Lara Croft está de regresso não apenas num, mas em dois grandes projetos de Tomb Raider, ambos sob a orientação da Crystal Dynamics. Ainda assim, o verdadeiro choque não é um novo traje nem mais um soft reboot, mas uma mudança subtil e deliberada na forma como Lara se apresenta, soa e se encaixa numa cronologia agora unificada.
O novo rosto de Lara Croft - e a nova voz
A aventureira icónica volta ao centro das atenções com Tomb Raider: Catalyst e Tomb Raider: Legacy of Atlantis, ambos em desenvolvimento com a Crystal Dynamics ao leme. O estúdio está a usar estes dois lançamentos para definir o que Lara Croft deve ser nos anos 2020: não apenas uma mascote, mas uma personagem consistente em jogos, projetos transmedia e uma continuidade de longo curso.
A alteração mais imediata salta à vista na arte da capa. O rosto de Lara foi retrabalhado: traços mais vincados, feições mais maduras, uma expressão mais assente na realidade. Parece menos uma pin-up estilizada e mais alguém que realmente sobreviveu a túmulos a desmoronar e a desastres sobrenaturais. Os fãs já tentaram associar o novo visual à versão cinematográfica de Angelina Jolie ou à Lara live-action da Amazon que se aproxima, interpretada por Sophie Turner, mas essa não é a principal viragem.
A verdadeira mudança é vocal. Ambos os novos jogos são liderados por Alix Wilton Regan, atriz britânica conhecida dos fãs de RPG e ficção científica por papéis em Dragon Age: Inquisition, Cyberpunk 2077 e Mass Effect 3.
A Crystal Dynamics está a usar uma só voz e uma interpretação confiante para sinalizar uma nova era para Lara: mais velha, mais segura de si e emocionalmente mais complexa do que a original dos anos 90 ou a recente trilogia de origem.
Para jogadores de longa data, isto significa uma nova leitura de uma personagem que quase conhecem de cor.
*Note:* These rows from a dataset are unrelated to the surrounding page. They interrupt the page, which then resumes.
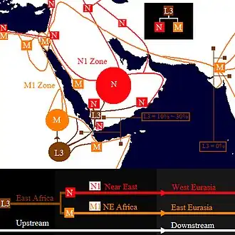 Verbreitung der mitochondrialen Haplogruppen N1 und M1 in Ostafrika, auf der arabischen Halbinsel und dem Nahem Osten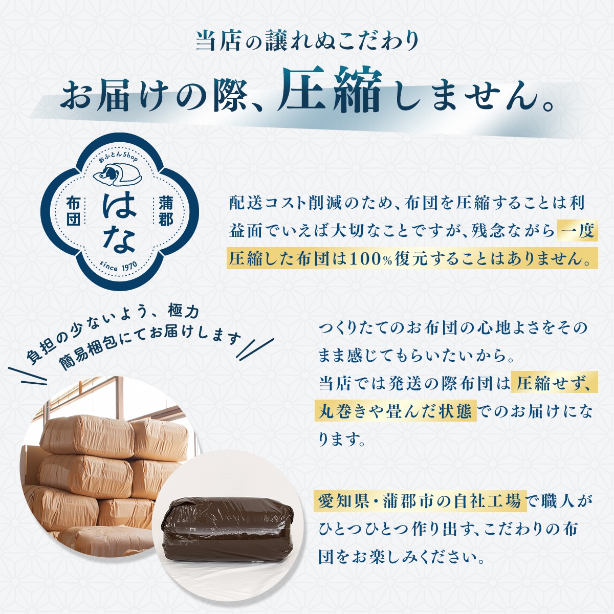当店のふとんは”圧縮せず”丸巻きや畳んだ状態でお届けします。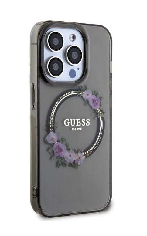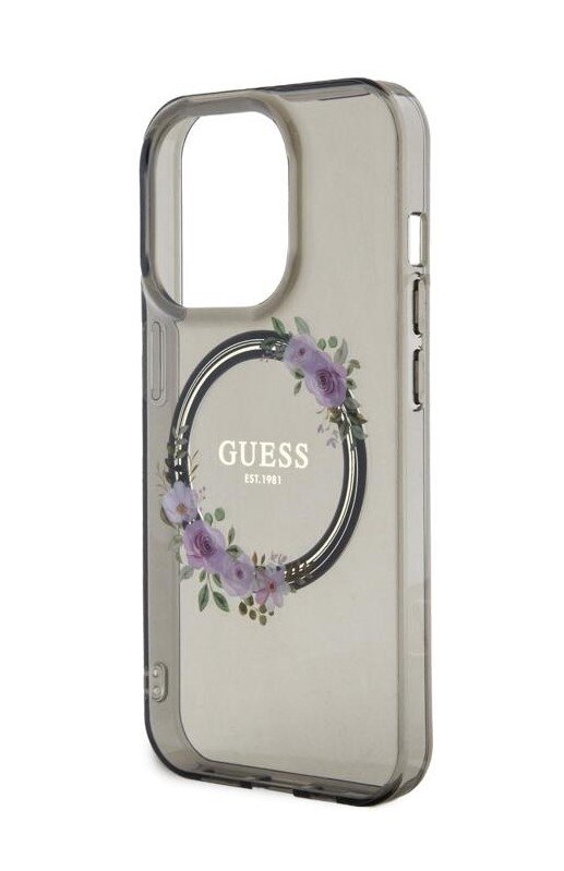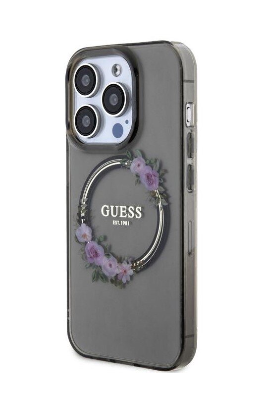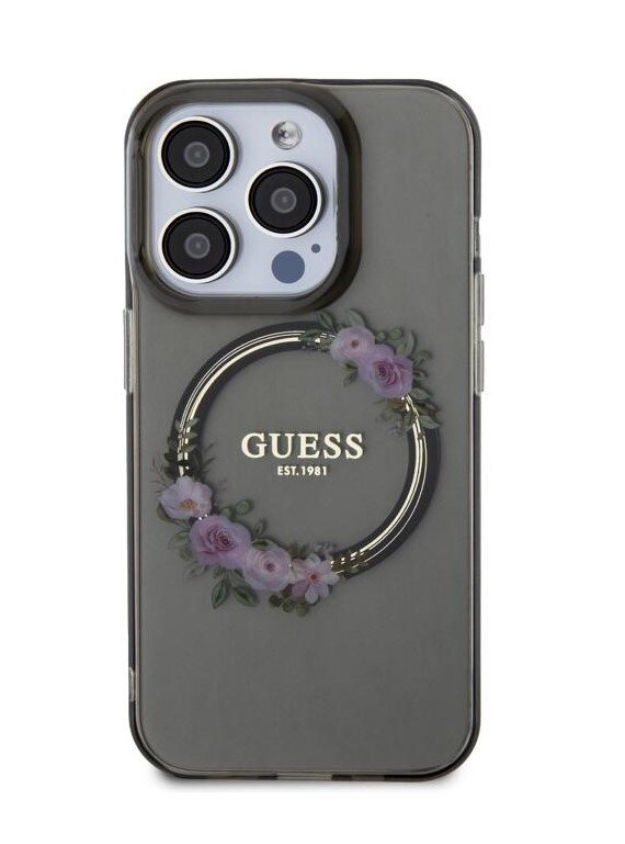GuessPC/TPUFlowersRingGlossyLogoMagSafeZadníKrytproiPhone15ProBlack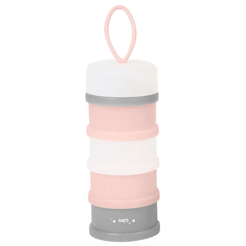 Um recipiente perfeito para levar a dose exacta de leite em pó e cereais.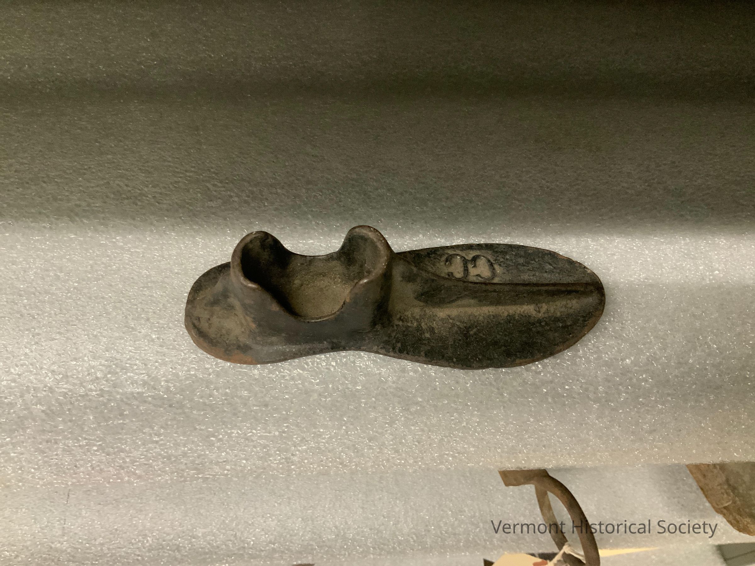 Metal cobbler‘s last sized for a child’s shoe. The upper is molded with the initials CC.
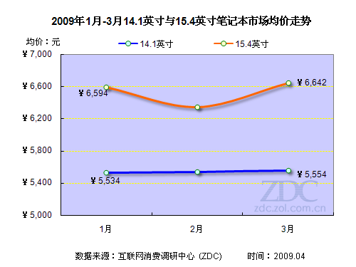 ZDC調(diào)查顯示,14.1英寸與15.4英寸產(chǎn)品是第一季度筆記本電腦市場的兩大主流機型,對市場價格變動的影響最大。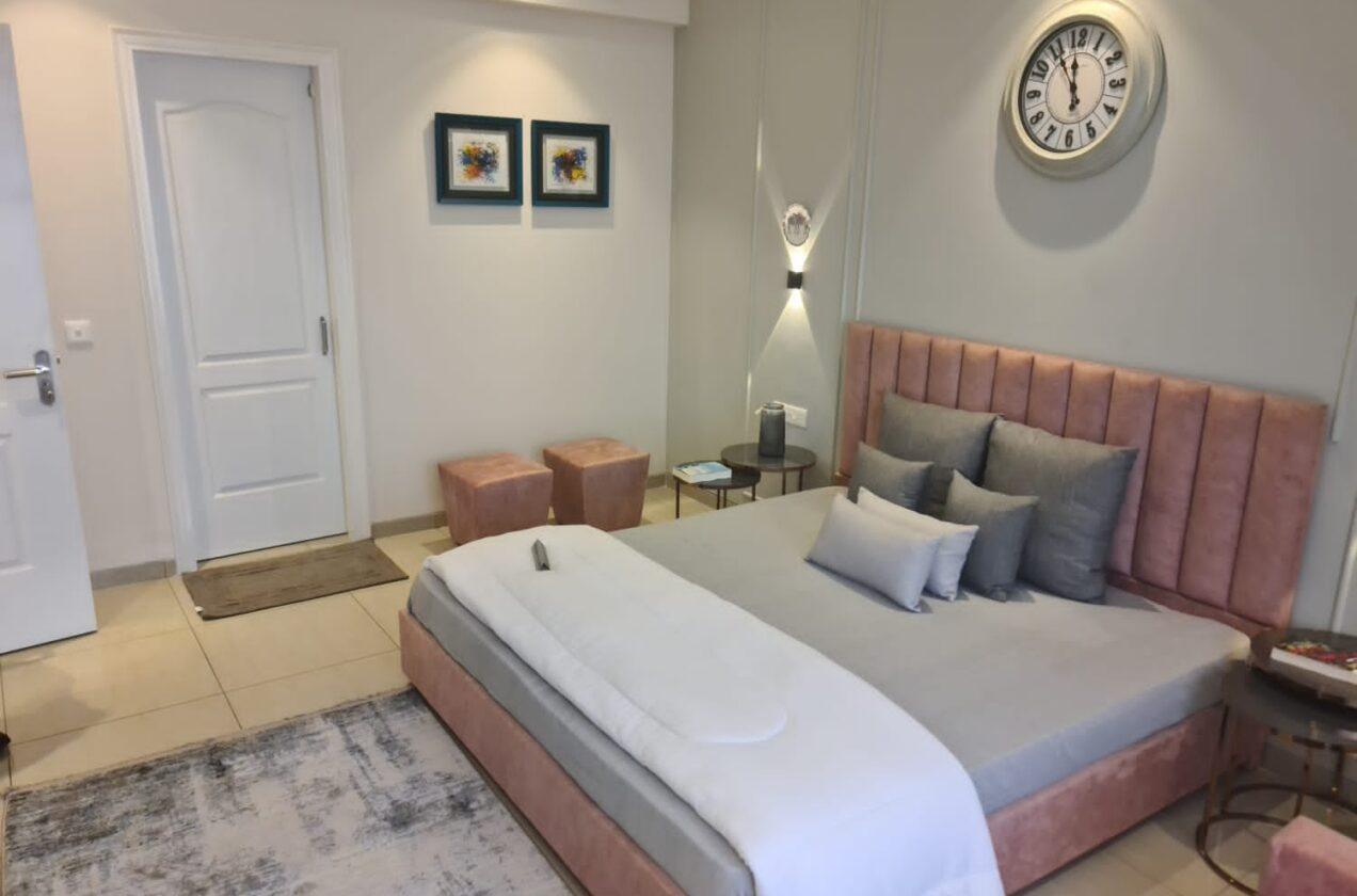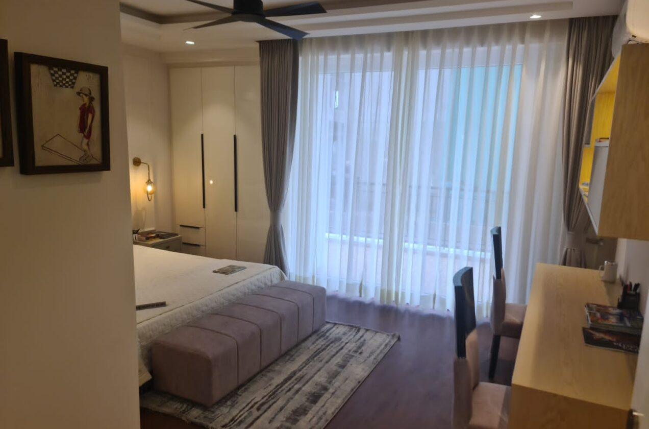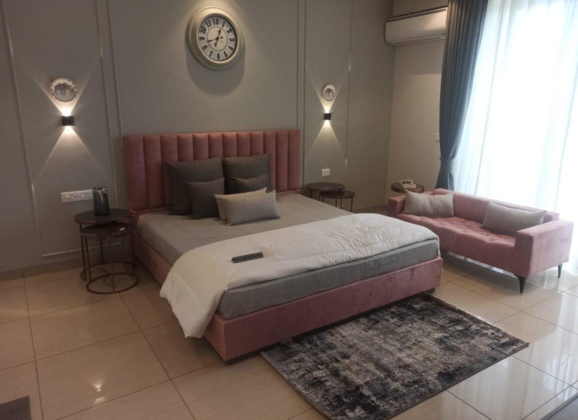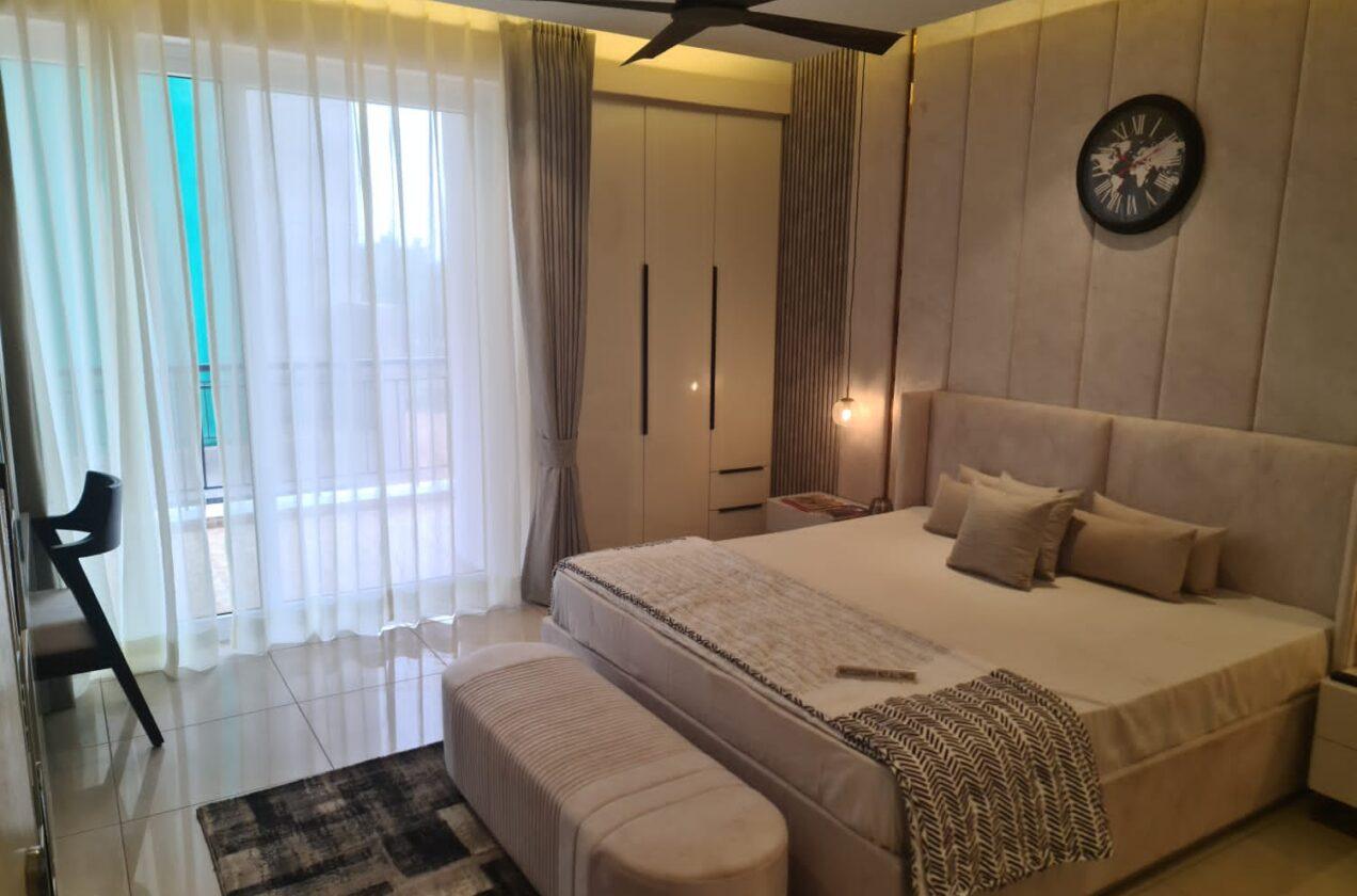🛏️ Indulge in the luxury of Laminated Wooden Flooring, offering both comfort and sophistication. 🌟 Wall Finishes and Ceiling treated with exquisite Plastic Emulsion, adding a touch of refinement. 👚 Organize your essentials effortlessly with the spacious Laminated Wooden Cupboard.

Para quem chega agora, esta Lara pretende ser a “versão por defeito”, a que une um legado confuso de reboots e reinterpretações numa saga coerente.
Tomb Raider: Catalyst - um novo capítulo na Índia
Tomb Raider: Catalyst é o próximo grande lançamento de referência da Crystal Dynamics, desenvolvido em parceria com a Amazon Games e construído no Unreal Engine 5. O estúdio descreve-o internamente como o seu Tomb Raider mais ambicioso até hoje, tanto na escala como na forma como reorganiza a cronologia da série.
Uma Lara mais velha, após Underworld
Cronologicamente, Catalyst decorre vários anos depois de Tomb Raider: Underworld, o título de 2008 que originalmente encerrou a era “Legend”. A trilogia Survivor moderna - Tomb Raider (2013), Rise e Shadow - passa agora a ser enquadrada como o início da história de Lara. Catalyst retoma com uma exploradora experiente, que já sabe do que é capaz.
O jogo é descrito como uma história autónoma: respeita os fãs de longa data, mas foi pensado para que alguém que nunca tenha tocado em Tomb Raider possa entrar diretamente, sem “trabalho de casa”.
Uma vasta expedição na Índia
A história leva Lara ao norte da Índia, à procura de vestígios de um cataclismo antigo. Esse evento deixou segredos enterrados e despertou forças estranhas, desencadeando uma corrida que mistura mito, tecnologia perdida e ganância moderna.
A Crystal Dynamics sugere várias linhas narrativas entrelaçadas:
- Caçadores de tesouros rivais a competir pelos mesmos artefactos
- Ruínas fraturadas e túmulos gigantes espalhados por uma grande região aberta
- Poderes mitológicos com consequências diretas para o futuro da humanidade
- Dilemas pessoais sobre confiança, traição e responsabilidade
O mundo aberto é um foco-chave. O estúdio promete a maior paisagem de sempre na história de Tomb Raider, com exploração mais livre, túmulos em camadas (em vez de simples “salas laterais”) e puzzles ambientais mais intrincados, em que a própria travessia faz parte do enigma.
O Unreal Engine 5 não está a ser usado apenas para rochas mais bonitas. Alegadamente, está a ser criada tecnologia personalizada em torno do conjunto de ferramentas de Lara: equipamento de escalada, gadgets e possivelmente novas capacidades de deslocação que se integrem no design dos puzzles, em vez de parecerem sistemas genéricos de jogos de ação.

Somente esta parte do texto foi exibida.